Laurencia is a genus of red algae that grow in temperate and tropical shore areas, in littoral to sublittoral habitats, at depths up to .

Description

Laurencia species have a thallus that is erect or decumbent with distichous, whorled or radial branch arrangement.

Taxonomy and Nomenclature 
The genus name of Laurencia is in honour of Louis Jean de La Laurencie (1768-1829), who was a French Naval officer, Director of the University of Limoges and also a friend of the author, Jean Vincent Félix Lamouroux.
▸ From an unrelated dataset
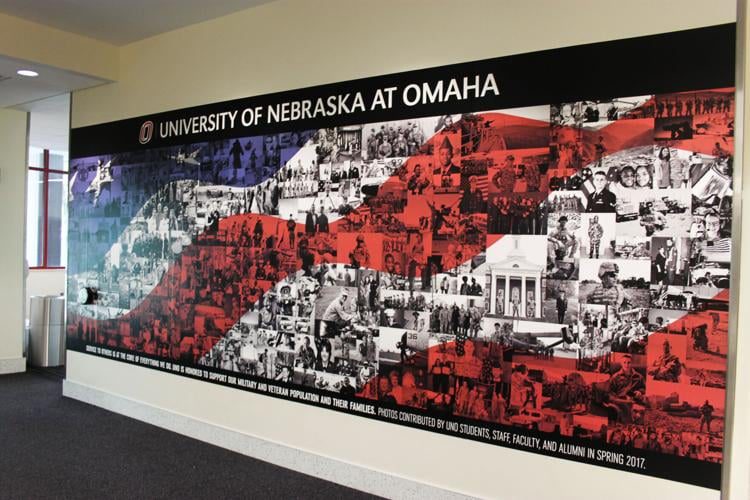 The University of Nebraska at Omaha’s Office of Student Affairs celebrated its military, veterans and their families with a new mural in the Milo Bail Student Center! Inspired by the value of building community, the red, white and blue mural is composed of personal snapshots of current students, alumni and community members.

The genus was circumscribed by Jean Vincent Félix Lamouroux in Ann. Mus. Natl. Hist. Nat. vol.20 on page 130 in 1813.
It included an initial description of eight species which then subsequently underwent taxonomic revisions. The genus belongs to order Ceramiales reported to have 137 species, with a rich body of knowledge spanning for more than 50 years of research.

Laurencia belongs to the family Rhodomelaceae which is considered to be one of the largest marine red algae family, estimated to have 125 genera and 700 species all over the world. In Laurenciae, a tribe consisting of eight genera, have a taxonomic group called "Laurencia complex" or Laurencia sensu lato which includes six of eight genera, Chondrophycus, Laurencia, Laurenciella, Osmundea, Palisada, and Yuzurua.

Morphology 
Laurencia is a small to medium sized red algae which may appear to be iridescent with thalli reaching up to 40 cm. Thalli can be branching, which can either be bilateral or spread in all directions. Its appendages can be rhizoidal or discoidal in appearance on stoloniferous holdfasts. Branch shape appears to be flat or cylindrical in morphology. Branchlets may be slightly rigid with a shape that may be blunt, truncate or claviform.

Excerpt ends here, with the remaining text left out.